[[ Task inputs open ]]

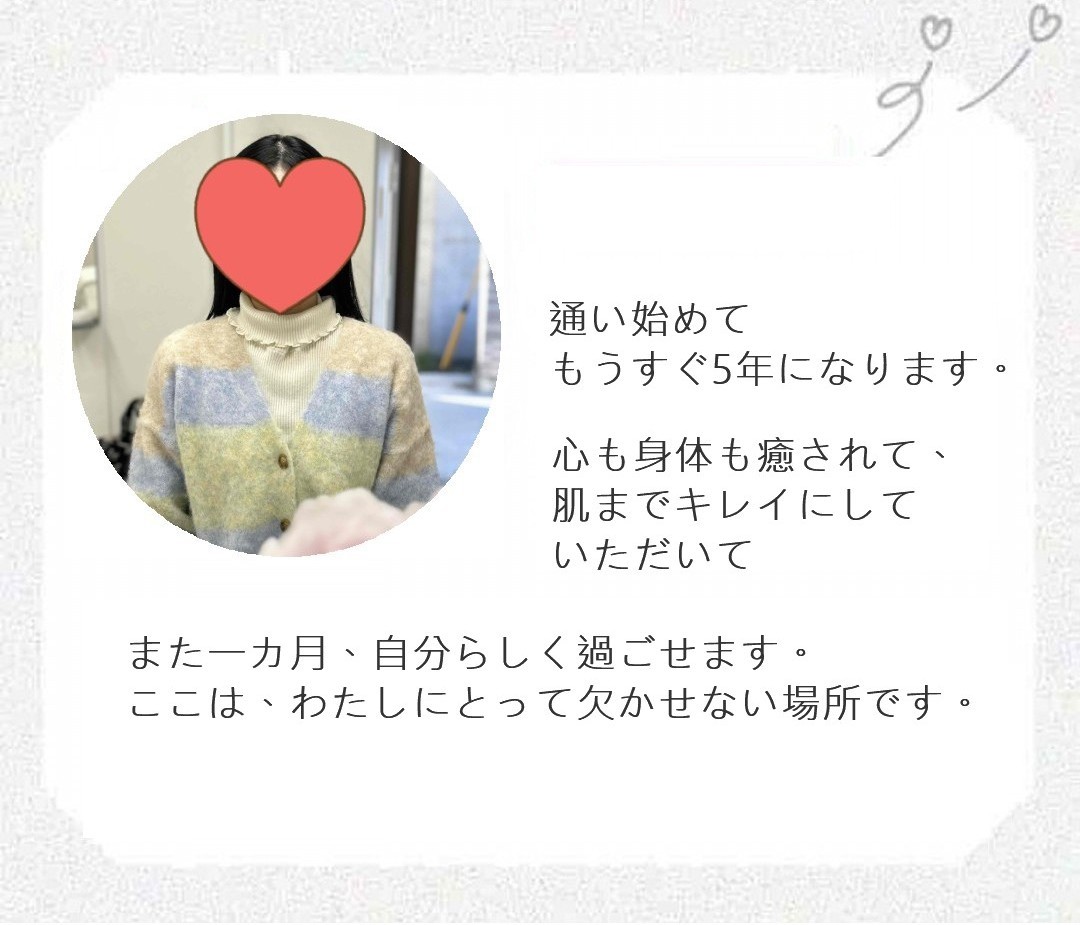 | <キャンセル料のお支払いについて> | ご予約を取り直していただいた次回御来店時の施術料金と合算してご請求させていただきます。 |
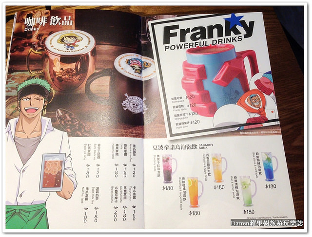 很喜歡這份MENU設計的方式,運用草帽海賊團的9位角色來設計品項及內容,光看圖片就讓人清楚明白
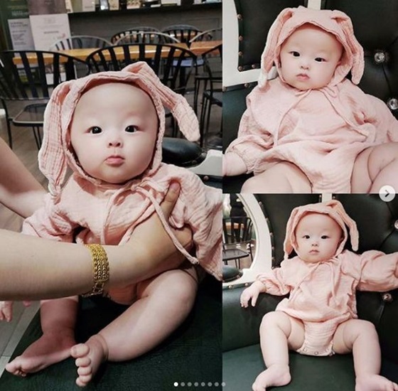 공개된 사진에는 분홍색 토끼 옷을 입은 황금보 군의 모습이 담겨 있다. 사진 속 황금보 군은 카메라를 향해 귀엽고 깜찍한 외모를 뽐내며 시선을 사로잡고 있다.
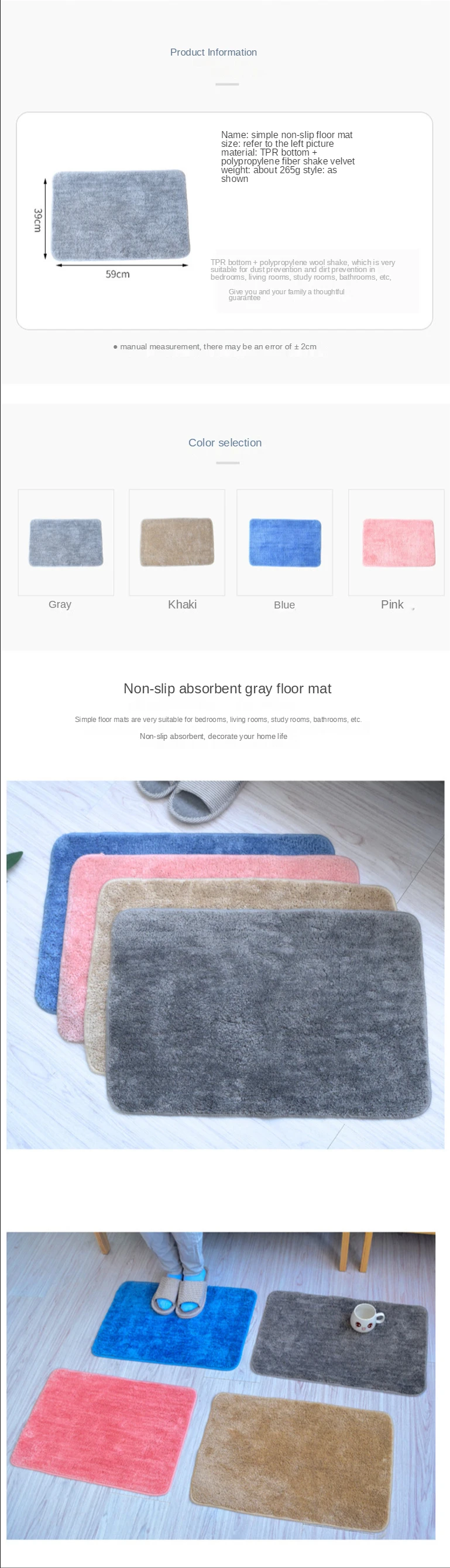 Carpet Simple Plain Floor Mat Cake Velvet Water Absorbent Bathroom Floor Mat Door Mat Foot Mat Household Carpet Plush Blanket
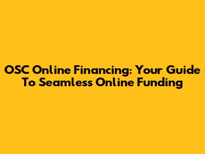 OSC Online Financing: Your Guide To Seamless Online Funding
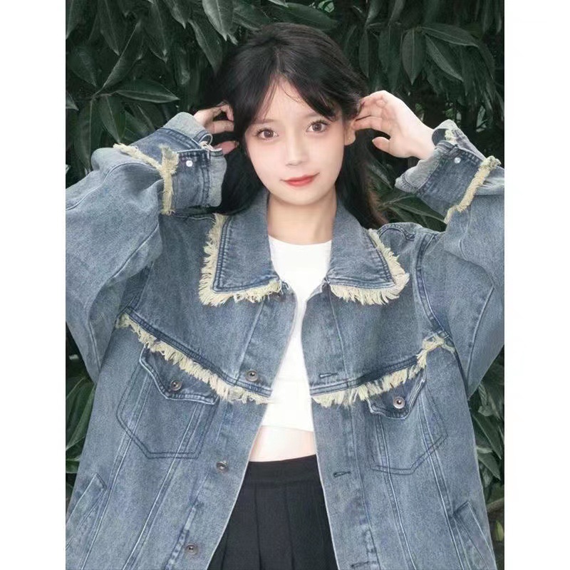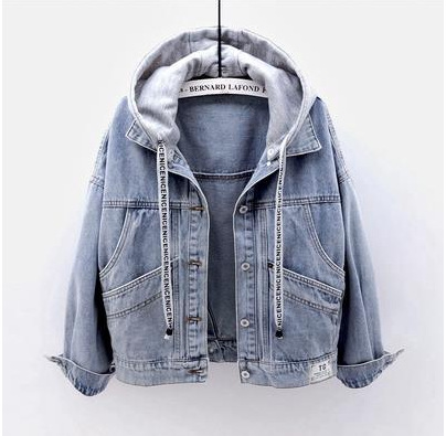일본과 한국 스타일 슈퍼 인기 데님 짧은 코트 여자의 짧은 봄과 가을 새로운 긴 소매 슬림 핏 후드 재킷 학생 탑스토어 가기
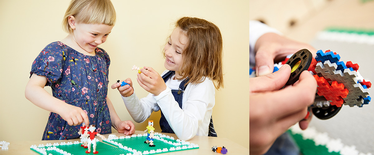 Med PLUS-PLUS byggklossar får barnen i förskolan, skolan och fritids träna färger, former, siffror, bokstäver, motorik, konstruktion, matematik och så mycket mera. PLUS-PLUS byggklossar är 100 % återvinningsbara och tillverkade av livsmedelsgodkänd plast, helt fri från PVC och Ftalater. PLUS-PLUS är ett pedagogiskt läromedel som finns i olika storlekar vilket ger byggleken oändliga möjligheter. Klossarna är tillverkade i Danmark och uppfyller kraven för Giftfri förskola. PLUS-PLUS går dessutom att tvätta. Lägg dem i en tvättpåse och tvätta på max 90 grader i tvättmaskinen eller i diskmaskinen. Det går också bra att diska dem för hand med tvål och vatten och/eller handdesinfektion.
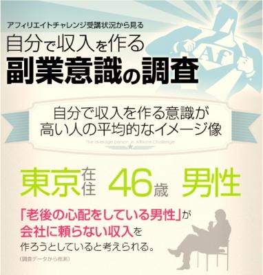 「アフィリエイトチャレンジ」の受講属性を年齢別に見ると10代から80代までの幅広い層がネット副業へ関心を持ち、有料の通信講座であっても受講するという、ネット副業への高い意識が読み取れます。中でも圧倒的に多い40代のいわゆるバブル世代、次いで50代、団塊ジュニア世代の30代などの会社員が会社に頼らない収入を作ろうとする傾向があると推測します。
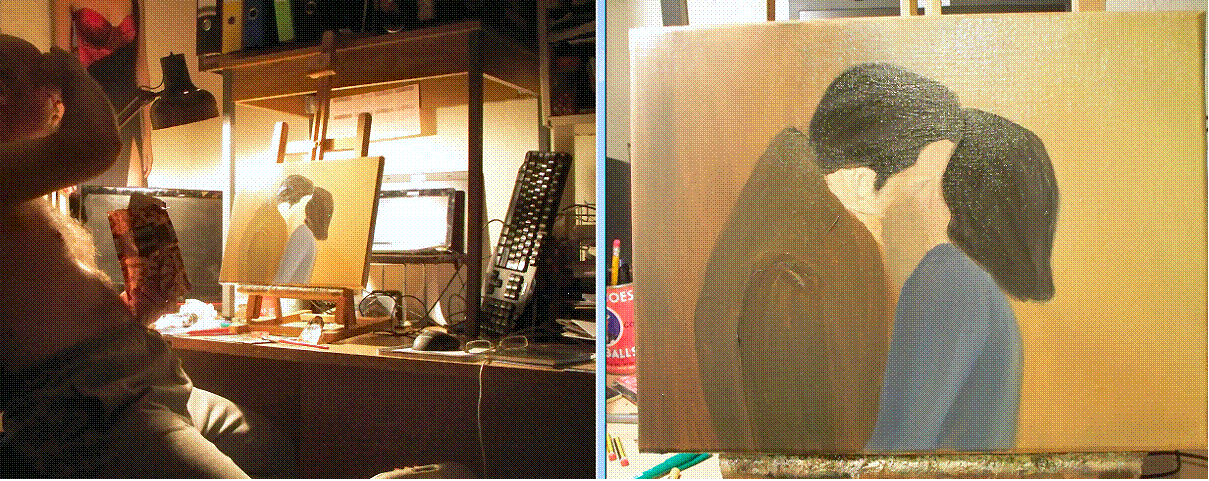 Here is another kissing painting which are easy to do
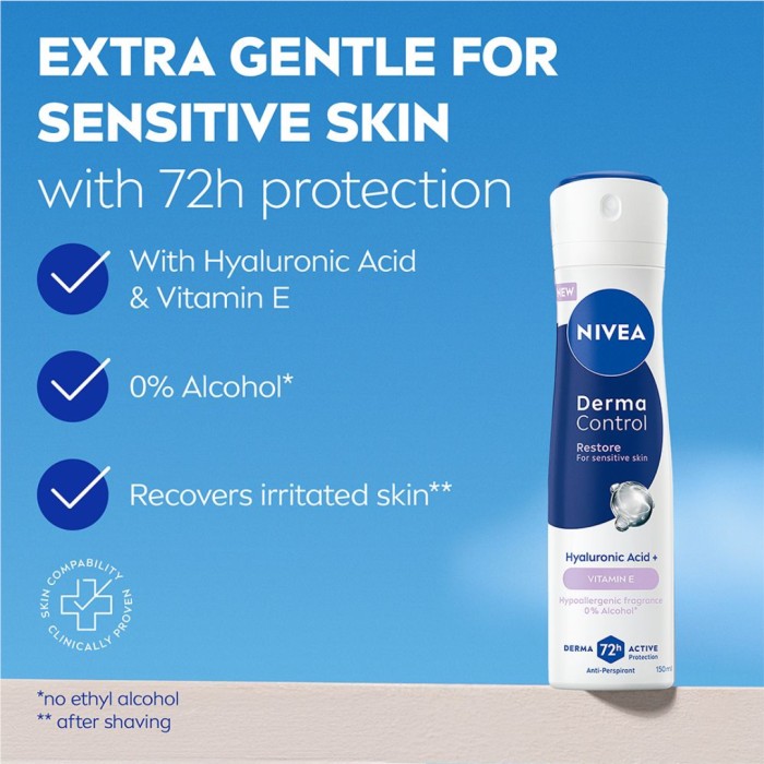 NIVEA Derma Control Restore Deo Antiperspirant är en deospray speciellt framtagen för känslig hud, och har en hypoallergen doft. Denna deospray har en formulering med ren hyaluron och vitamin E för att lugna huden och främja återhämtning efter rakning, vilket ger mjukare hud under armarna och en behaglig känsla. Antiperspiranten ger upp till 72 timmars skydd. Formuleringen arbetar med huden för att ha en pålitlig och stark effekt mot svett och lukt, samtidigt som den vårdar armhålorna. Fria från etylalkohol. Noggrant testad på känslig hud och dermatologiskt bevisat skonsam.
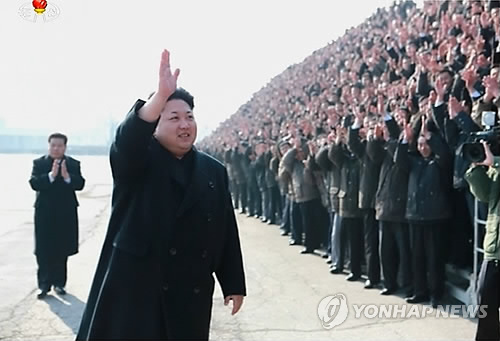 | △ 건설자들과 기념사진 찍고 격려한 북한 김정은 (서울=연합뉴스) 북한 김정은 국방위원회 제1위원장이 건설자들과 기념사진을 찍었다고 조선중앙TV가 12일 보도했다. 앞서 조선중앙통신은 이날 "김정은 동지께서 선군시대의 기념비적 창조물을 훌륭히 일떠세우는(건설하는)데서 노력적 위훈을 세운 8건설국 건설자들과 함께 기념사진을 찍으셨다"고 전했다. 사진은 촬영에 참여한 건설자들을 향해 손인사하는 김 제1위원장의 모습. 2015.2.12 nkphoto@yna.co.kr |

[[ Task inputs closed ]]

Leaving each picture behind, please give again exactly the lines above from the one with "공개된 사진에는 분홍색" through the one with "OSC Online Financing: Your", both included, and no others.

 공개된 사진에는 분홍색 토끼 옷을 입은 황금보 군의 모습이 담겨 있다. 사진 속 황금보 군은 카메라를 향해 귀엽고 깜찍한 외모를 뽐내며 시선을 사로잡고 있다.
 Carpet Simple Plain Floor Mat Cake Velvet Water Absorbent Bathroom Floor Mat Door Mat Foot Mat Household Carpet Plush Blanket
 OSC Online Financing: Your Guide To Seamless Online Funding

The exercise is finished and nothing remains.